7. The method of claim 1, wherein the performing abnormal access detection based on the target response relation pair and the trusted response relation pair to obtain a target abnormal access detection result corresponding to the target access operation includes:

comparing the target response relation pair with the trusted response relation pair, if the target response relation pair is in the trusted response relation pair, determining that the target access operation is a normal access operation, and if the target response relation pair is not in the trusted response relation pair, determining that the target access operation is an abnormal access operation.

8. The method of claim 7, wherein after performing abnormal access detection based on the target response relationship pair and the trusted response relationship pair to obtain a target abnormal access detection result corresponding to the target access operation, the method further comprises:

And if the target access operation is the abnormal access operation, performing grinding and judging processing on the target access operation to obtain a target grinding and judging result corresponding to the target access operation.
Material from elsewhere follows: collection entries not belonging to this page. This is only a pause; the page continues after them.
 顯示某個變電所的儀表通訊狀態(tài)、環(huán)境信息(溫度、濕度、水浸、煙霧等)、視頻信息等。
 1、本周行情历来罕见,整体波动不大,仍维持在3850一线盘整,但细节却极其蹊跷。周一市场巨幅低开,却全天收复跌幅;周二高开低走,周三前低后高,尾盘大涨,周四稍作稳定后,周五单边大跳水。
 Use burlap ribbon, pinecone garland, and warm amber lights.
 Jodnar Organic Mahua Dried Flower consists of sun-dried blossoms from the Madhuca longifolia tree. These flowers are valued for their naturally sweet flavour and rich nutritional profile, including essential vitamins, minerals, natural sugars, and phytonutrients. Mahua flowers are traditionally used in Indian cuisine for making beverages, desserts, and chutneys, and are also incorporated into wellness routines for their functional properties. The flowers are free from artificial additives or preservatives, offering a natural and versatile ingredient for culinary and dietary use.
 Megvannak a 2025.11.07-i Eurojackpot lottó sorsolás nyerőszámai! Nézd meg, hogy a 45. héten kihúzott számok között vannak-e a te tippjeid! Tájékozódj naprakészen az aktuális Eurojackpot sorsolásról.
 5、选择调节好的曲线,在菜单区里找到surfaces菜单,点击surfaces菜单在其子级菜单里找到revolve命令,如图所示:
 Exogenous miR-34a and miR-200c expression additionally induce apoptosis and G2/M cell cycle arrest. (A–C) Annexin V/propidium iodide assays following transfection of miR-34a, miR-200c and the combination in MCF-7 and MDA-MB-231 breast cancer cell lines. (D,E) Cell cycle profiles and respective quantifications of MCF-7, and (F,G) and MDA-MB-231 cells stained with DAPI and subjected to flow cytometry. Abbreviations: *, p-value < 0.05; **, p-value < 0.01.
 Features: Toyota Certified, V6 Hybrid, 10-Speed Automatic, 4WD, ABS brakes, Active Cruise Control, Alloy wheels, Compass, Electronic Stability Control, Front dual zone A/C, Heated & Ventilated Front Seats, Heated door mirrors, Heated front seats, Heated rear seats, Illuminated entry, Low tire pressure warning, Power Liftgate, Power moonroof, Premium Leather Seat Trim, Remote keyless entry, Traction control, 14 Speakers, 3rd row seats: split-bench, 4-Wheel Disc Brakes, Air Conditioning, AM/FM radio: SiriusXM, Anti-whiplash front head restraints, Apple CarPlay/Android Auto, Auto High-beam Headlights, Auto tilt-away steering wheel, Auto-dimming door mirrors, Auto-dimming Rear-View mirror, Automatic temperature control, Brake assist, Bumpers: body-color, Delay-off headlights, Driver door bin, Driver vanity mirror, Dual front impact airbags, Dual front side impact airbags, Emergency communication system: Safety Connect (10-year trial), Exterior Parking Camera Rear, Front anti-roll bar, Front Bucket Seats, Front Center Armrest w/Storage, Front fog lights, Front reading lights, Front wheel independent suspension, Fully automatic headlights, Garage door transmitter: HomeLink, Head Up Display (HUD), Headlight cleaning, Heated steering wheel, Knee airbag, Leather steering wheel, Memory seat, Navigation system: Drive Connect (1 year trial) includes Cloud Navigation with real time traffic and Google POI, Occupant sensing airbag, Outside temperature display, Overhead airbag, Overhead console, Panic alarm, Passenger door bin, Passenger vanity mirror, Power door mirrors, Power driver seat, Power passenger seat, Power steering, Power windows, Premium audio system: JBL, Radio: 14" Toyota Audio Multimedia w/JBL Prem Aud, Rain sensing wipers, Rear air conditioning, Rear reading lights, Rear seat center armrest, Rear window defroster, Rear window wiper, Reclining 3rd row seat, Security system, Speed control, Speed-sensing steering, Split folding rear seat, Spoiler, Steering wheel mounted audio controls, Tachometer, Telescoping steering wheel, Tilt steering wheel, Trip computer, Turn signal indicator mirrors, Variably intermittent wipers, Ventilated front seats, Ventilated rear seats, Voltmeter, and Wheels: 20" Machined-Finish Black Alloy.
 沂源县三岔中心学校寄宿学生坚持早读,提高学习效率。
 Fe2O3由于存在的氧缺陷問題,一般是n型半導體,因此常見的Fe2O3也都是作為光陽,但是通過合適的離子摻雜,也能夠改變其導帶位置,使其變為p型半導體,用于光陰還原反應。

9. The method of claim 8, wherein after performing the grinding process on the target access operation to obtain the target grinding result corresponding to the target access operation, the method further comprises:

and if the target research and judgment result is that the target access operation is the normal access operation, updating the trusted response relation pair based on the target response relation corresponding to the target access operation.

10. An abnormal access detection apparatus, the apparatus comprising:

the abnormal access detection module is used for carrying out abnormal access detection based on the target response relation pair and the trusted response relation pair to obtain a target abnormal access detection result corresponding to the target access operation; the trusted response relation is obtained by combining at least two trusted access relation items; the at least two trusted access relation items are obtained based on a historical access behavior log of the target application system; one of the at least two trusted access relationship items is a trusted response data type item.

11. An electronic device, comprising: a processor and a memory;

the processor is connected with the memory;

the memory is used for storing executable program codes;

the processor runs a program corresponding to executable program code stored in the memory by reading the executable program code for performing the method according to any one of claims 1-9.

12. A computer storage medium storing a plurality of instructions adapted to be loaded by a processor and to perform the method steps of any of claims 1-9.

13. A computer program product comprising instructions which, when run on a computer or processor, cause the computer or processor to perform the method of any of claims 1-9.